Comment choisir 1.000 parmi 100.000

Tribune libre

De la hiérarchie militaire chez les Tatars

Version espagnole
Publié le 12 mai 2010

Comment choisir 1.000 éléments dans un ensemble de 100.000 ? Nous présentons ici la méthode utilisée par certains Tatars, telle qu’elle est rapportée par Marco Polo.

Supposons que l’on ait un tas de cailloux devant nous, et que l’on doive en extraire 17. Nous pouvons les prendre un par un et les compter, jusqu’à ce qu’on arrive à 17. La même méthode peut bien sûr être utilisée pour en extraire 239 d’un tas assez gros, ou bien 1.000. Mais plus on doit en choisir, plus la tache est rébarbative, et plus on a de chances de se tromper.

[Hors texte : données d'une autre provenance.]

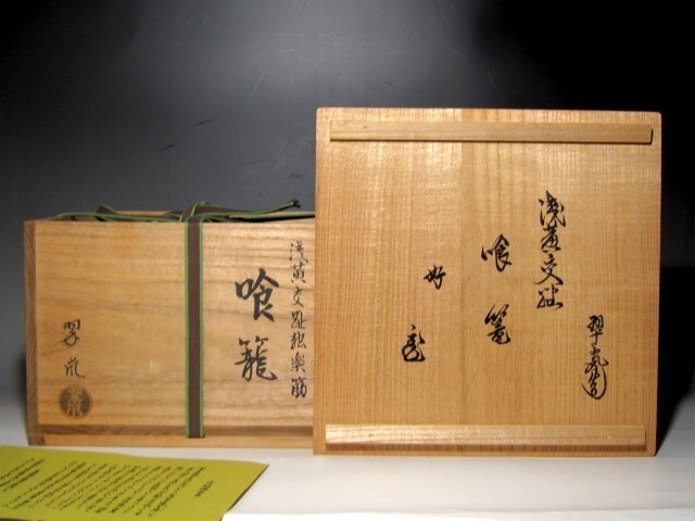 中村翠嵐 浅黄交趾喰籠 裏千家十五世鵬雲斎花押の逸品k712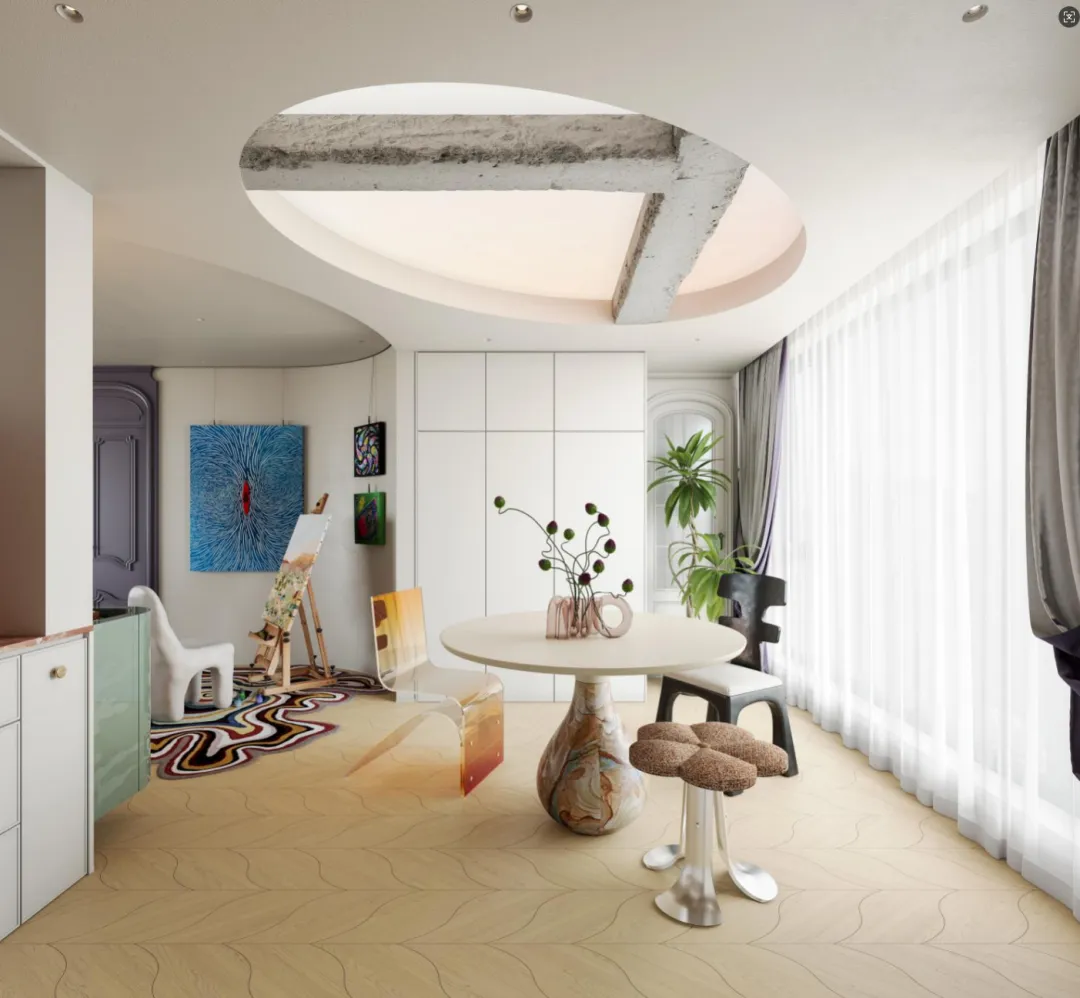 色彩是空间设计中最具表现力的元素之一,它能够直接影响人们的情绪和感受。在女孩的100㎡空间中,色彩的碰撞是一大亮点。本案大胆地运用了多种鲜艳的色彩,如红色、绿色、蓝色等,与空间中的中性色调形成鲜明对比,营造出一种充满活力和激情的氛围。女孩的100㎡空间,不仅仅是一个居住的地方,更是她实现梦想和追求自由的舞台。在这里,她用色彩的碰撞和软装的融合,打造出一个充满浪漫与自由的世界。这个空间的设计意义,不仅仅在于满足女孩的生活需求,更在于展现出一种不被定义的浪漫生活方式。

Cette tache peut être grandement facilitée si nous devons extraire un certain nombre d’éléments non pas d’un ensemble brut, sans aucune structure interne, mais d’un ensemble préalablement structuré. Par exemple, on peut d’abord faire des tas de 10 cailloux, que l’on peut ensuite regrouper 10 par 10, et ainsi de suite. Supposons maintenant que l’on doive choisir 239 cailloux. On peut alors choisir 2 gros tas de 100 cailloux chacun, puis 3 tas de 10 cailloux et enfin 9 cailloux dans un tas de 10 restant. Cela correspond bien sûr à une manière de structurer notre ensemble de cailloux selon la numération décimale.

Mais la même manière hiérarchique de structurer un ensemble peut être utilisée différemment pour en extraire un certain nombre d’éléments. Je voudrais présenter ici la méthode décrite par Marco Polo en 1298 dans le chapitre LXX “Ci devise du Dieu des Tartares et de leur loi 3Les intertitres sont dus aux copistes. du récit “Le devisement du monde 4J’utilise la version française de Louis Hambis, publiée aux Éditions Klincksieck, Paris, 1955, et rééditée aux Éditions La Découverte & Syros, Paris, 1998. de son périple en Orient. Voici d’abord l’organisation décimale de l’armée tatare (appelée tartare par Marco Polo) sous Kubilaï Khan :

Ils sont ordrés en cette manière que je vous deviserai. Sachez que quand un seigneur des Tartares va en guerre, il prend avec lui cent mille hommes à cheval ; il ordonne son affaire ainsi comme vous ouïrez : il met un chef à chaque dizaine, un à chaque centaine, un à chaque millier et un tous les dix mille, de sorte qu’il n’a à se consulter que avec dix hommes ; ceux qui sont sire de dix mille hommes n’ont à se consulter que avec dix autres ; et celui qui est seigneur de mille n’a affaire qu’avec dix hommes ; et aussi celui qui est seigneur d’une centaine n’a affaire qu’avec dix. C’est ainsi comme vous avez ouï que chacun répond à son chef. Dix chefs de dix répondent à un chef de cent, dix chefs de cent répondent à un chef de mille, et dix chefs de mille répondent à un chef de dix mille ; et en cette manière chaque homme ou capitaine, sans autre souci ni fatigue, a seulement à trouver dix hommes, en si belle ordonnance que c’en est merveille.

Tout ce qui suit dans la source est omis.